I agree there must be some weird handling of lowercases but making them uppercase is certainly not what we want to do.

Oh, definitely. That was meant more as just a demonstration that this is where the problem is arising. Helped to limit max_msa_seqs to 8 to make visual analysis a bit easier... while adding some print statements for logging I noticed the distance it wanted to read past the end of the array matched the number of lowercase letters in the first 8 sequences.

I'm also unclear about why this is stochastic.

Yeah, that's still a complete mystery to me as well.

mbelouso commented 3 days ago

@mbelouso I just tried running this on an A100 GPU and it ran smoothly. Are you positive that this is the example that crashes? It's unclear to me why a memory error would give you this kind of stack trace. What type of hardware are you running this on?

Hardware: Dual socket Xeon workstation, RTX 3080, Linux Mint 21.2, 64Gb main memory.

bestz123 commented 3 days ago

你好@jwohlwend，我也遇到了同样的错误。这是我使用的数据https://drive.google.com/drive/folders/13WXIZ8oBDL8jhq0J3H9OA73R25etmZdO?usp=drive_link。我在A100上测试过。这是提示内容： You are using a CUDA device ('NVIDIA A100 80GB PCIe') that has Tensor Cores. To perfectly utilize them, you should set torch.set_float32_matmul_precision('medium' | 'high')which will trade-off precision for performance. For more details, read https://pytorch.org/docs/stable/generated/torch.set_float32_matmul_precision.html#torch.set_float32_matmul_precision LOCAL_RANK: 0 - CUDA_VISIBLE_DEVICES: [0,1] Predicting: | | 0/? [00:00<?, ?it/s]Featurizer 在 6b5m 上失败，错误索引 555 超出了大小为 555 的轴 0 的界限。跳过。Featurizer 在 6b5m 上失败，错误索引 555 超出了大小为 555 的轴 0 的界限。跳过。Featurizer 在 6b5m 上失败，错误索引 555 超出了大小为 555 的轴 0 的界限。跳过。Featurizer 在 6b5m 上失败，错误索引 555 超出了大小为 555 的轴 0 的界限。跳过。Featurizer 在 6b5m 上失败，错误索引 555 超出了大小为 555 的轴 0 的界限。跳过。 Featurizer 在 6b5m 上失败，错误索引 555 超出了大小为 555 的轴 0 的界限。跳过。

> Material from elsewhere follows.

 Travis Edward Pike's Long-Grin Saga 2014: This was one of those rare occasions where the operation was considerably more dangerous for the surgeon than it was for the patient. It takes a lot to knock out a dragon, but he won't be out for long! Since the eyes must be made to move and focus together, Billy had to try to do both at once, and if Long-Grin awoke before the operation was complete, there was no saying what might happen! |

I used this data to test, and this problem no longer exists in version 0.2.1.

bestz123 commented 3 days ago

你好@jwohlwend，我也遇到了同样的错误。这是我使用的数据https://drive.google.com/drive/folders/13WXIZ8oBDL8jhq0J3H9OA73R25etmZdO?usp=drive_link。我在A100上测试过。这是提示内容： You are using a CUDA device ('NVIDIA A100 80GB PCIe') that has Tensor Cores. To perfectly utilize them, you should set torch.set_float32_matmul_precision('medium' | 'high')which will trade-off precision for performance. For more details, read https://pytorch.org/docs/stable/generated/torch.set_float32_matmul_precision.html#torch.set_float32_matmul_precision LOCAL_RANK: 0 - CUDA_VISIBLE_DEVICES: [0,1] Predicting: | | 0/? [00:00<?, ?it/s]Featurizer 在 6b5m 上失败，错误索引 555 超出了大小为 555 的轴 0 的界限。跳过。Featurizer 在 6b5m 上失败，错误索引 555 超出了大小为 555 的轴 0 的界限。跳过。Featurizer 在 6b5m 上失败，错误索引 555 超出了大小为 555 的轴 0 的界限。跳过。Featurizer 在 6b5m 上失败，错误索引 555 超出了大小为 555 的轴 0 的界限。跳过。Featurizer 在 6b5m 上失败，错误索引 555 超出了大小为 555 的轴 0 的界限。跳过。 Featurizer 在 6b5m 上失败，错误索引 555 超出了大小为 555 的轴 0 的界限。跳过。

I used this data to test, and this problem no longer exists in version 0.2.1.

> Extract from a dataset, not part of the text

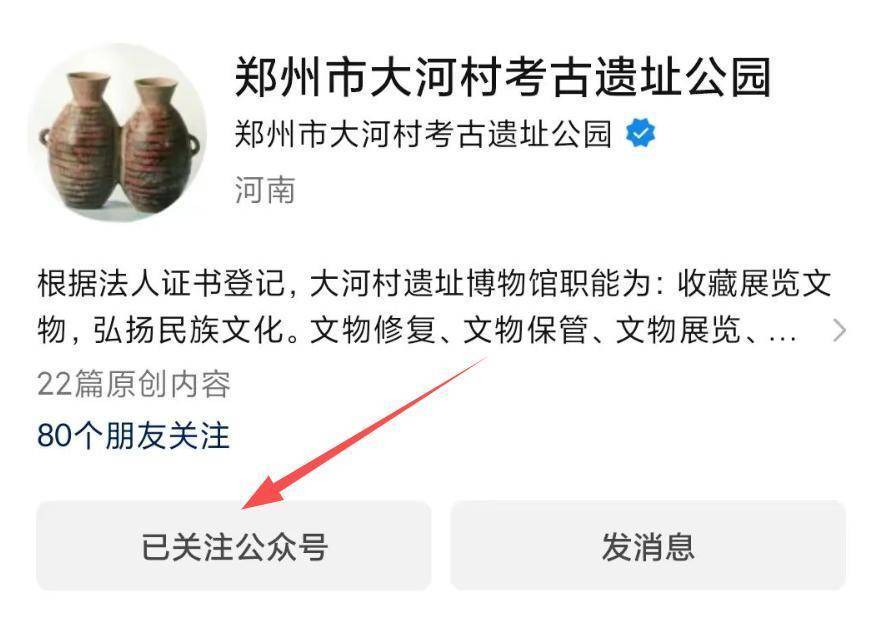 请温暖“郑州市大河村考古管事公园”官方微信公众号,点击菜单栏“参不雅预约”进行实名登记。

tristanic commented 3 days ago

Ah! I think I've found the actual problem now. Nothing to do with lowercase characters at all (sorry for the red herring)... looks like it happens if the count of uppercase and '-' characters in the last used sequence in the MSA is smaller than the input sequence. boltz_msa_test_case.tar.gz

Test case using a two-sequence msa attached. success.a3m has the second sequence with the correct length. fail.am3 has a single character deleted from the second sequence. I've tried with a larger MSA file, and setting max_msa_seqs to different values in main.py then tinkering with different edits to the sequences. Only the length of the final used sequence seems to matter, and the failure only appears when it's shorter than the input.

tristanic commented 3 days ago

In my case it looks like this came from me making a mistake when writing a script to concatenate MSAs from our internal MMSeqs2 server (probably leaving a blank line?) then making things worse when trying to "fix" it due to my unfamiliarity with the .a3m format. After some minor retooling, things are now working correctly. Mea culpa... but at least I hope this will help others avoid the same pitfall!

jwohlwend commented 3 days ago

@tristanic Thanks for digging in further. Glad you found the issue for your MSA's. I did verify the MSA lengths for the other users and did not find inconsistencies, not sure. Maybe there was a bug that got solved in the new releases. Will wait to hear from others before closing this issue.

tristanic commented 3 days ago

Might it be worth adding a little sanity-checking in the parser to ensure each entry in the msa meets Boltz’s expectations?

On Thu, 21 Nov 2024 at 17:12, Jeremy Wohlwend @.***> wrote:

@tristanic https://github.com/tristanic Thanks for digging in further. Glad you found the issue for your MSA's. I did verify the MSA lengths for the other users and did not find inconsistencies, not sure. Maybe there was a bug that got solved in the new releases. Will wait to hear from others before closing this issue.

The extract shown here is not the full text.